Еще мгновение, и женщина быстро уходит, каблуки стучат по кафельному полу. Как только она скрывается из виду, я сникаю.
– Сара, что с тобой? – спрашивает Брайан.
– Что со мной? Я не знаю, Брайан, потому что никто не говорит нам, что случилось с…
Он обнимает меня, зажав между нами Кейт, как вздох, и говорит:
– Ш-ш-ш.
Он шепчет мне, что все будет хорошо, и впервые в жизни я ему не верю.
Вдруг в комнату заходит доктор Фаркад, которую мы не видели несколько часов.
– Мне сказали, что возникли некоторые проблемы с коагуляционной панелью. – Она ставит перед нами стул. – Полный анализ крови Кейт дал аномальные результаты. Уровень лейкоцитов очень низкий – 1,3. Гемоглобин – 7,5, гематокрит – 18,4, тромбоциты – 81 000, нейтрофилы – 0,6. Такие показатели иногда свидетельствуют о наличии аутоиммунного заболевания. Но у Кейт также отмечено двенадцать процентов промиелоцитов и пять процентов бластов, и это вынуждает предполагать лейкемический синдром.

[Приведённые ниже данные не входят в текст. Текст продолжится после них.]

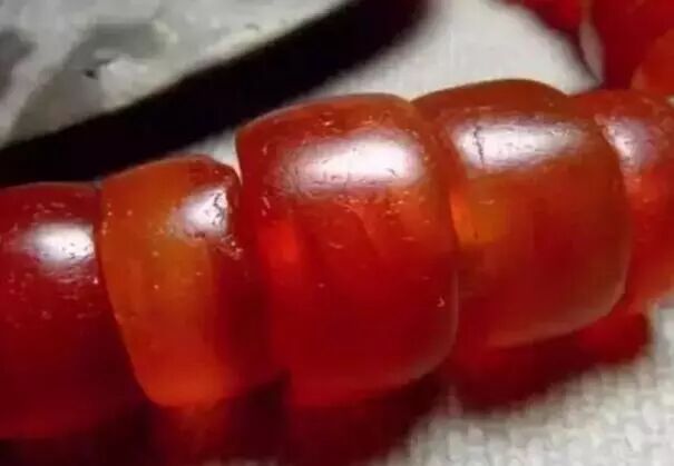 出土后的西玛珠,拿在手中,我们可以感受到千年不变的酒红色,光泽内敛,稍微盘玩,美不胜收,这对我们鉴定新老,非常重要,要准确找到真品的感觉,接下来,我们学习西玛的鉴定。

– Лейкемический, – повторяю я.
Слово студенистое, скользкое, как яичный белок.
Доктор Фаркад кивает:
– Лейкемия – это рак крови.
Брайан молча смотрит на нее, не отрывая взгляда:
– Что это значит?
– Представьте, что костный мозг – это центр детского здоровья, ответственный за развитие клеток. В здоровом теле клетки крови остаются в костном мозге, пока не созреют для того, чтобы выйти наружу и бороться с болезнями, свертываться, нести кислород и делать все прочее, для чего они нужны. У человека с лейкемией двери центра детского здоровья открываются слишком рано. Несозревшие клетки крови циркулируют по телу, не способные выполнять свою работу. Бывает, промиелоциты обнаруживаются в анализе крови, но когда мы посмотрели на кровь Кейт под микроскопом, то увидели аномалии. – Она смотрит по очереди на каждого из нас. – Нужно будет провести пункцию костного мозга, чтобы подтвердить это, но, похоже, у Кейт острый промиелоцитарный лейкоз.
Мой язык пригвожден к месту тяжестью вопроса, который через мгновение выдавливает из себя Брайан.
– Она… она умрет?
Мне хочется встряхнуть доктора Фаркад. Сказать, что я сама выдавлю кровь из руки Кейт для коагуляционной панели, если после этого она возьмет свои слова обратно.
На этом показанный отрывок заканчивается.